Jobs are fundamentally dynamic. That means they are constantly changing and reshaping themselves on how they perform their duties. Just look at the news, it started out that print was the only medium. Then it switched from radio, to television, to the internet, and now a lot of people get their news via their smart phone. Likewise, the location these jobs are performed is constantly changing as well. Having been consolidated for many years in the downtown area of cities, a Brookings Institute Study finds jobs Moving from Downtown to Suburbs.
The Brookings Institute recently conducted a study that looked at where jobs were performed. The survey of 100 major cities found that there has been a significant change in job locale in the 2000’s. Instead of being primarily located in the downtown areas, many jobs are now moving to suburban areas at least 10 miles from the urban core.
The study (read the full text here) found that only in Washington DC did job density increase within the downtown area, and in all but 9 of the 100 areas studied jobs within 3 miles of the downtown area declined during the 2000’s. During that same time period, the share of jobs at least 10 miles away from downtown rose in 85 of the areas. The migration away from the urban core was going steadily until the Great Recession hit. That halted the job movement, mostly because it crashed the job market.
Part of the American Dream is to have a good job in the city, a house in the suburbs, a wife, and 2.5 children. But as times are changing, people are recognizing the American Dream can be different for everyone. Gas prices are going up, and people are sick of spending a lot of money on long commutes. More people are choosing to telecommute to work anyway, and in order to help maintain employee morale, many companies are moving the jobs to the people rather than bringing the people to the jobs. The biggest reason is perhaps that the downtown structure was designed around the need to be in close proximity to your co-workers and similar industries. But now with the internet, smart phones, webcam meetings, and the like, there is no need for a centralized location. Companies can spread out and purchase buildings on outlying land for far cheaper than they could rent the same space in the city.

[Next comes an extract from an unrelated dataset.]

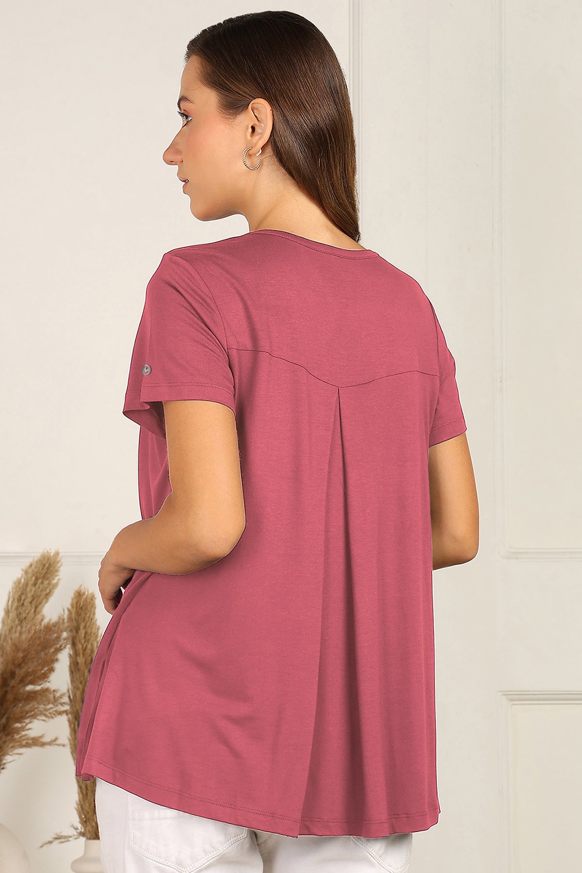 Dusty Rose Front & Back Pleated Zipless Nursing Top

As people begin to realize that they are an asset to the company they work for, this trend will continue. Companies are saving money by having more offices in cheaper locations, and at the same time they are getting more out of their employees. Keeping in constant contact is easy to do through the internet, and a live meeting via webcam is just as effective as one in person. This study found that 43% of jobs are at least 10 miles from the downtown area. In another 10 years will we see a greater percentage of jobs being at least 10 miles from the city’s urban core?